── Data section ──

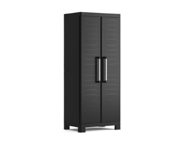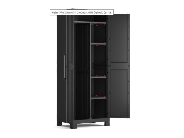Skříň dělená se 4 nastavitelnými policemi o nosnosti 15 kg, stabilitu zajišťují pevné nožičky, možnost dodatečného uzamčení, vyrobena z propylenu velmi odolného proti chladu a nepříznivému počasí, olejům a rozpouštědlům, zvýšená odolnost proti nárazům, ideální do sklepa, garáže, dílny, na balkon, terasu či do chodby, rozměry skříně 65 x 45 x 182 cm, černá
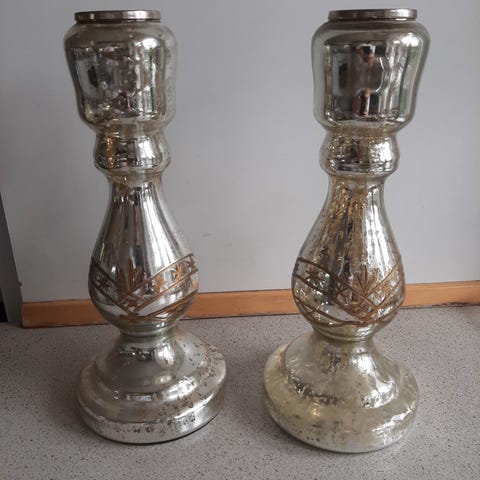 Tre lysestager, to til fyrfadslys i mørkt glas, en lavet af elektrisk isolationsdims til stearinlys. Samlet pris:
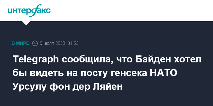 Telegraph сообщила, что Байден хотел бы видеть на посту генсека НАТО Урсулу фон дер Ляйен
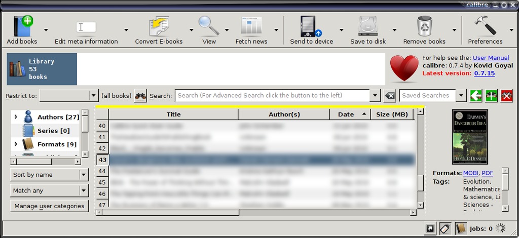 Calibre's project manager Kovid Goyal deserves a big pat on the back (and tips in the tip jar). Not only is the program organized well, the Web site easily navigable, and the installation relatively painless, but the documentation is very comprehensive as well.

───

**Exercise aim:** Using the data above, which lines fall from the one with "Tre lysestager, to" through the one with "Telegraph сообщила, что"? Repeat them exactly, ends included, minus any pictures.

**Output for this exercise:**
 Tre lysestager, to til fyrfadslys i mørkt glas, en lavet af elektrisk isolationsdims til stearinlys. Samlet pris:
 Telegraph сообщила, что Байден хотел бы видеть на посту генсека НАТО Урсулу фон дер Ляйен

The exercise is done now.